Edit

Introduction

What is StarRocks

  • StarRocks is a high-performance, MySQL-compatible, distributed relational columnar database. It has been tested and modernized by the industry for multiple data analysis scenarios.

  • StarRocks takes advantage of the relational Online Analytical Processing (OLAP) database and distributed storage system. Through architectural upgrades and functional optimization, StarRocks has developed into an enterprise-level product.

  • StarRocks is committed to accommodating multiple data analysis scenarios for enterprise users. It supports multiple data warehouse schemas(flat tables, pre-aggregations, star or snowflake schema), multiple data import methods (batch and streaming) and allows direct access to data from Hive, MySQL and Elasticsearch without importing.

  • StarRocks is compatible with the MySQL protocol. Users can use the MySQL client and common Business Intelligence (BI) tools to connect to StarRocks for data analysis.

  • StarRocks uses a distributed architecture to divide the table horizontally and store it in multiple replications. The clusters are highly scalable and therefore support 1) 10PB-level data analysis, 2) Massively Parallel Processing (MPP), and 3) data replication and elastic fault tolerance.

  • Leveraging a relational model, strong data typing, and a columnar storage engine, StarRocks reduces read-write amplification through encoding and compression techniques. Using vectorized query execution, it fully unleashes the power of parallel computing on multicore CPUs, therefore significantly improves query performance.

Main features

The architectural design of StarRocks integrates the MPP database and the design ideas of distributed systems, and has the following advantages:

Simple architecture

StarRocks does not rely on any external systems. The simple architecture makes it easy to deploy, maintain and scale out.

Native vectorized SQL engine

StarRocks adopts vectorization technology to make full use of the parallel computing power of CPU, achieving sub-second query returns in multidimensional analyses. Administrators only need to focus on the StarRocks system itself, without having to learn and manage other external systems.

Query optimization

StarRocks can optimize complex queries through CBO (Cost Based Optimizer). With a better execution plan, the data analysis efficiency will be greatly improved.

Query federation

StarRocks allows direct access to data from Hive, MySQL and Elasticsearch without importing.

Efficiently update

The updated model of StarRocks can perform upsert/delete operations according to the primary key, and achieve efficient query while concurrent updates.

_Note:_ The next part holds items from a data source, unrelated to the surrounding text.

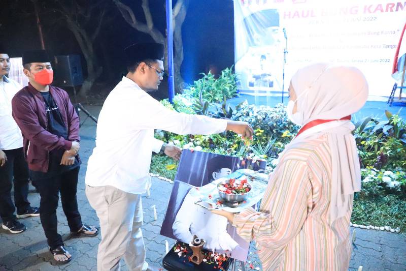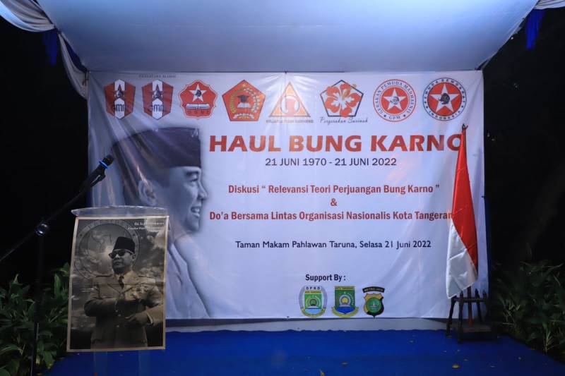 Memperingati Haul Bung Karno ke-52 tahun, sederet organisasi nasionalis di Kota Tangerang menggelar doa bersama, di TMP Juang Taruna Tangerang, Selasa (21/6/22). Berlangsung secara hikmat dan meriah, haul Bung Karno diawali dengan doa tahlil bersama.
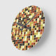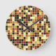 Reloj Redondo Mediano Baldosas de piscina, mosaicos marrones, patrón geo
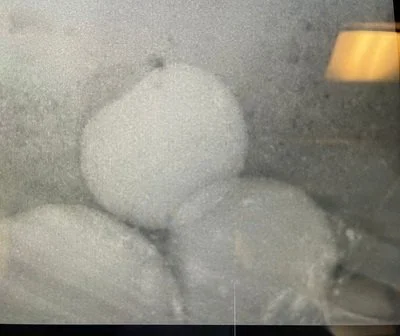 Here is the x-ray from the horse that passed the plumb sized enterolith pictured above.
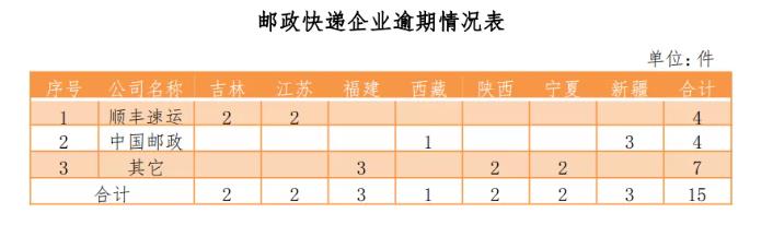 4.邮政快递企业对省级邮政管理机构转办的申诉未能按规定时限回复的有15件,环比增加6件。
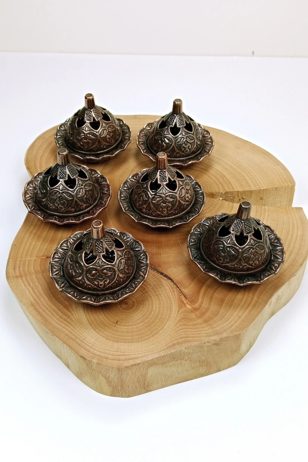 6 Lı Mini Eskitme Osmanlı Temalı Koyu Renk Lokumluk Sunum
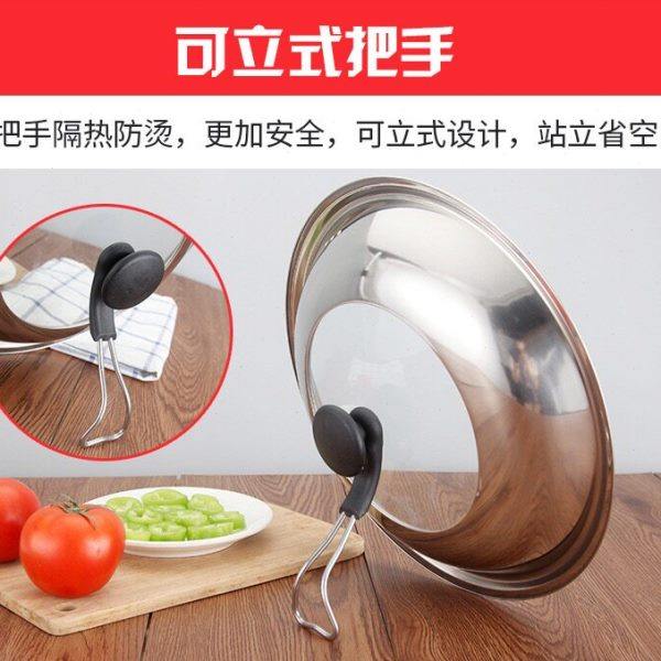 铁人铁锅不锈钢锅盖可视可立盖子防烫手柄可挂立加厚加高组合锅盖
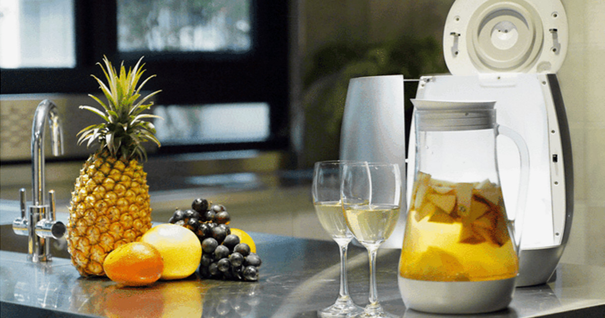 Zu diesem Zweck wählst du zunächst in der dazugehörigen Smartphone-App ein Rezept aus. Dann füllst du in den speziellen Alchema-Behälter die angegebenen Bestandteile ein – also die jeweiligen Früchte sowie Zucker, Wasser und Hefe. Der 40 Zentimeter hohe Behälter verfügt über einen Gewichtssensor, dank dessen die App das Gewicht der eingefüllten Früchte anzeigen kann.
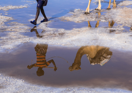 Afar tribe man camel caravans carrying salt blocks in the danakil depression, Afar region, Dallol, Ethiopia
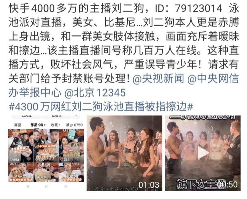 4400万粉丝快手网红刘二狗,泳池直播刷新尺度下限,比基尼美女镜头前搔首弄姿,而其徒弟毛弟,更是爆出猛料,每次刘二狗下播后,一定会会开启多人运动。
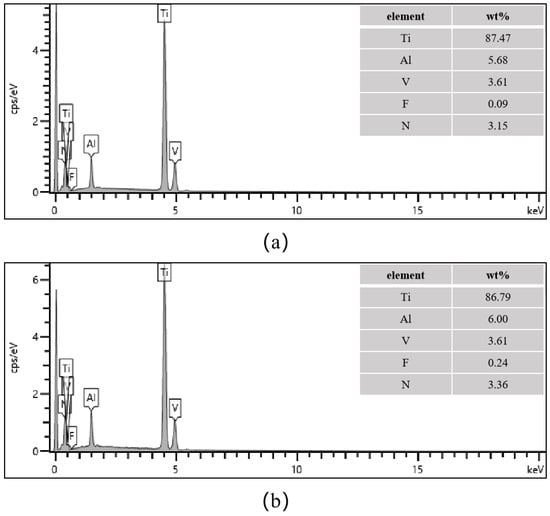 EDS analysis of the samples before and after polishing reveals that the content of the fluorine (F) element increases from 0.09% to 0.24%, as shown in Figure 10. Therefore, XPS is needed to determine whether the fluorine element exists as free fluoride ions or in the form of Ti-F bonds. We fully recognize the importance of XPS analysis in determining the chemical state of the fluorine element and its biological implications. In the subsequent stage of this study, we will conduct high-resolution XPS analysis to distinguish the chemical states of the fluorine element and correlate them with the in vitro cytotoxicity results.
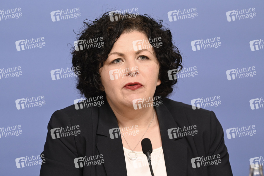 Amira Mohamed Ali bei der Pressekonferenz zur Europawahl 2024 im Haus der Bundespressekonferenz. Berlin, 10.06.2024
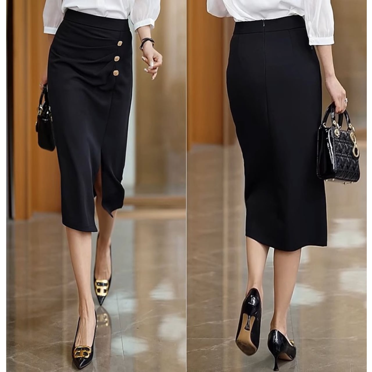 High waist elegant front slit one step skirt ( 2color )
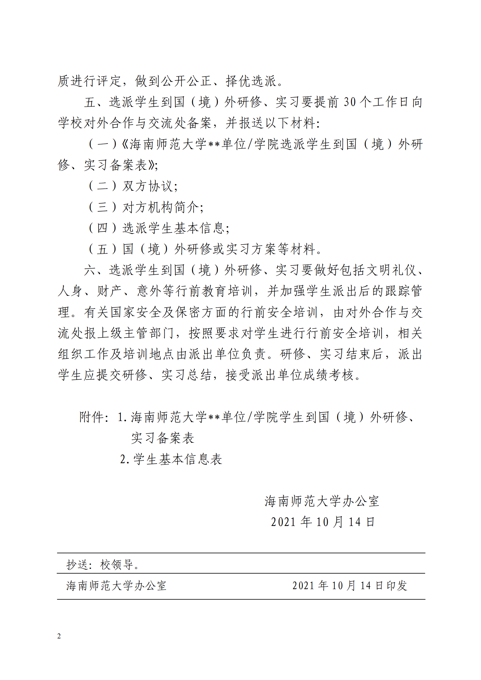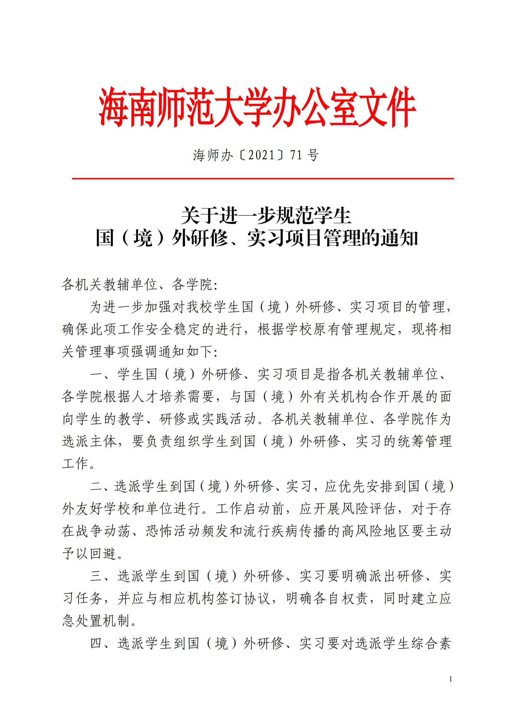 关于进一步规范学生 国(境)外研修、实习项目管理的通知

Intelligent materialized view

StarRocks supports intelligent materialized views. Users can create materialized views and generate pre-aggregated tables to speed up aggregate queries. StarRocks' materialized view automatically runs the aggregation when data is imported, keeping it consistent with the original table. When querying, users do not need to specify a materialized view, StarRocks can automatically select the best-materialized view to satisfy the query.

Standard SQL

StarRocks supports standard SQL syntax, including aggregation, JOIN, sorting, window functions, and custom functions. Users can perform data analysis with standard SQL. In addition, StarRocks is compatible with MySQL protocol. Users can use various existing client tools and BI software to access StarRocks and perform data analysis with a simple drag-and-drop in StarRocks.

Unified batch and streaming

StarRocks supports batch and streaming data import. It supports Kafka, HDFS, and local files as data sources, and ORC, Parquet, and CSV data formats. StarRocks can consume real-time Kafka data in data importing to avoid data loss or duplication. StarRocks can also import data in batches from local or remote (HDFS) data sources.

High availability, high scalability

StarRocks supports multi-replica data storage and multi-instance data deployment. The cluster has the ability of self-healing and elastic recovery.

StarRocks adopts a distributed architecture which allows its storage capacity and computing power to be scaled horizontally. StarRocks clusters can be expanded to hundreds of nodes to support up to 10PB data storage.

Use Case

StarRocks can meet a variety of analysis needs, including OLAP analysis, customized reports, real-time data analysis, ad hoc data analysis, etc. Specific business scenarios include:

  • OLAP analysis
  • Real time data analysis
  • High concurrency query
  • Unified analysis